Cet atelier de travail, qui s’est tenu dans le cadre de l’accord de préservation de la Méditerranée de ces pays frontaliers, doit permettre de mieux étudier, voire de stopper, le développement de l’Ostreopsis ovata.
Cette algue microscopique unicellulaire vit habituellement dans les eaux chaudes des mers tropicales. Mais depuis plusieurs années, elle a fait son apparition dans les eaux méditerranéennes septentrionales. D’abord dans la région Ligure de l’Italie, en 2005, avant de gagner nos côtes. Elle peut aller jusqu’à provoquer l’intoxication de baigneurs et entraîner des interdictions de baignade ponctuelles. Une mesure qui a d’ailleurs été prise en 2008 sur l’unique plage publique de Monaco, le Larvotto.

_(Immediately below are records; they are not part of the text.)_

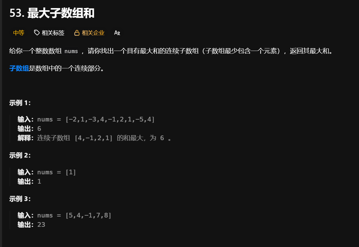 示例1中的最大子数组就是[4,-1,2,1]这一段,他的元素和是6,是所有子数组中元素和最大的,所以6就是这个问题的答案。
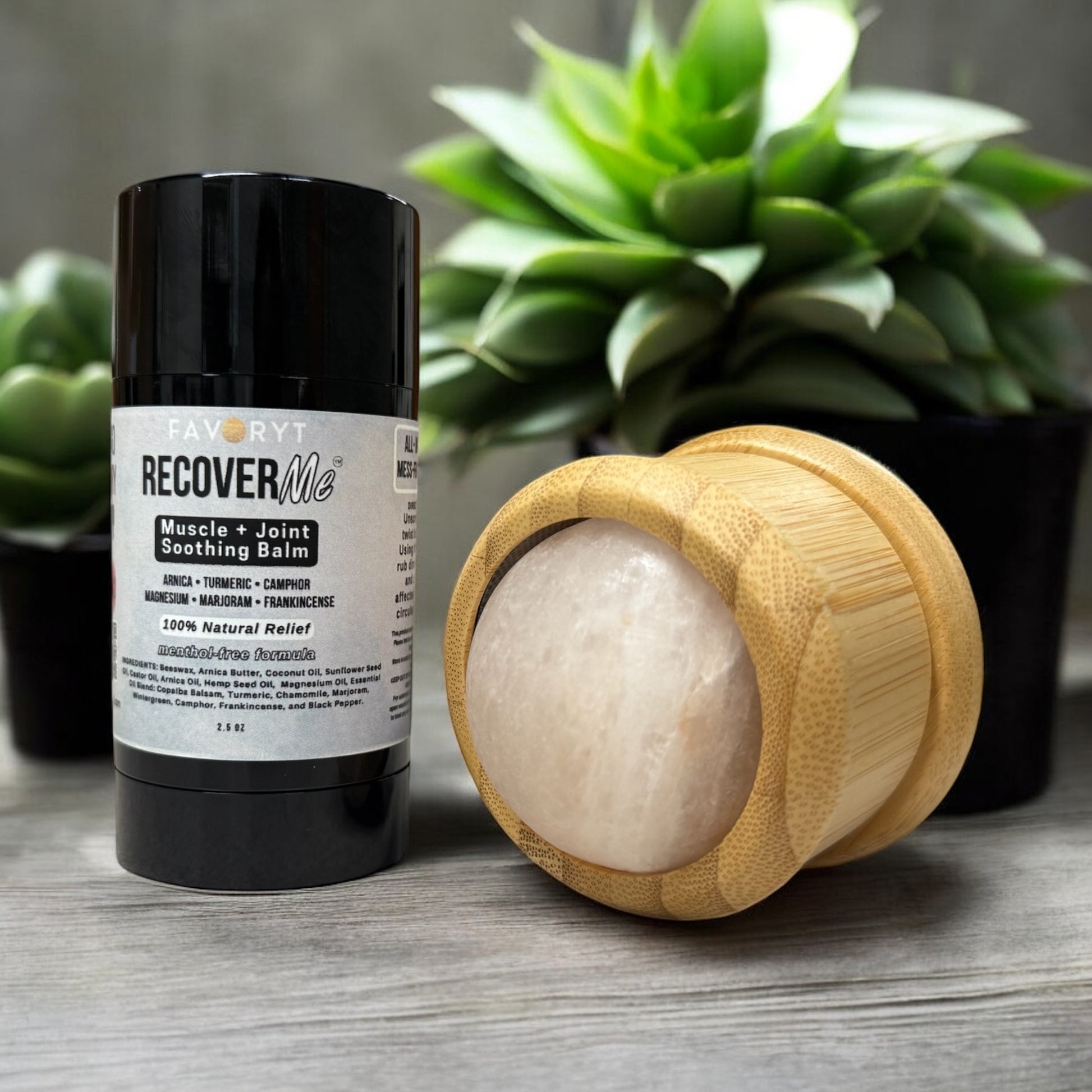 Upgrade your relaxation with our exclusive bundle featuring the Bamboo Himalayan Salt Massager plus our full-size 2.5 oz RecoverMe Pain Relief Balm — and save $5 when you buy them together.
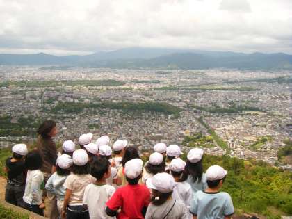 3年生の『大文字山』の遠足では,みんなで励まし合いながら登りました。頂上はかなり寒かったですが,空気もきれいで,京都の町のながめは最高でした。

Concrètement, la réunion a permis de faire le point sur trois grands sujets : les problèmes sanitaires liés au développement d’Ostreopsis ovata, le suivi sanitaire et le suivi environnemental de cette micro-algue, la gestion de crise avec la mise en œuvre de ses moyens.
Pas moins de dix spécialistes impliqués dans les domaines de la surveillance et de la gestion de crise, ou dans le suivi des problèmes sanitaires liés au développement de l’algue sont intervenus.